### Supplied records
+++++
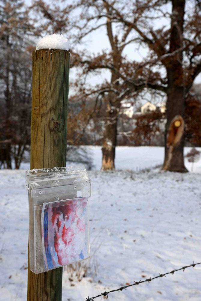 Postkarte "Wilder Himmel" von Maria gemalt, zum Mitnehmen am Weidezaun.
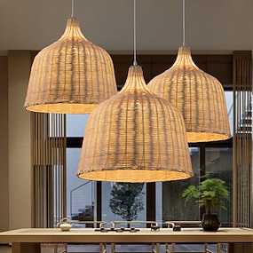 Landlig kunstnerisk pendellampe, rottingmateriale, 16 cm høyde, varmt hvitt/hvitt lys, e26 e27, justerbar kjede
+++++
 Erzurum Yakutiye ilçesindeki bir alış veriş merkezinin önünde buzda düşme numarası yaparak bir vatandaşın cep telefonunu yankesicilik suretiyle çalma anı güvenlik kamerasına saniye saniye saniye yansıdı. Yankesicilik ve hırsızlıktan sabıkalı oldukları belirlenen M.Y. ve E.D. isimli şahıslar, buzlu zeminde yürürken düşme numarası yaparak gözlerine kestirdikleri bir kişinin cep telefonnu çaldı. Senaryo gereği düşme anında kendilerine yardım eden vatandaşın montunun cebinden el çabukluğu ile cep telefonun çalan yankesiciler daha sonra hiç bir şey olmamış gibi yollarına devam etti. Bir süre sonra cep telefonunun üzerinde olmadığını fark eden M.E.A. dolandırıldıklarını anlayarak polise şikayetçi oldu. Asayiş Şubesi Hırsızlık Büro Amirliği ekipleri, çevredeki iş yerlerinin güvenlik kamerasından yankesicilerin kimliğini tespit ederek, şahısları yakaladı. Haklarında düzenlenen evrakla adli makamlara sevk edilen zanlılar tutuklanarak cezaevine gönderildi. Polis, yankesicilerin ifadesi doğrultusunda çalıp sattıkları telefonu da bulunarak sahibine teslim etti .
+++++
Out of the records above, return only the lines from the one with "Mitnehmen am Weidezaun." through the one with "Landlig kunstnerisk pendellampe, rottingmateriale, 16", exactly, and none of the pictures.

 Postkarte "Wilder Himmel" von Maria gemalt, zum Mitnehmen am Weidezaun.
 Landlig kunstnerisk pendellampe, rottingmateriale, 16 cm høyde, varmt hvitt/hvitt lys, e26 e27, justerbar kjede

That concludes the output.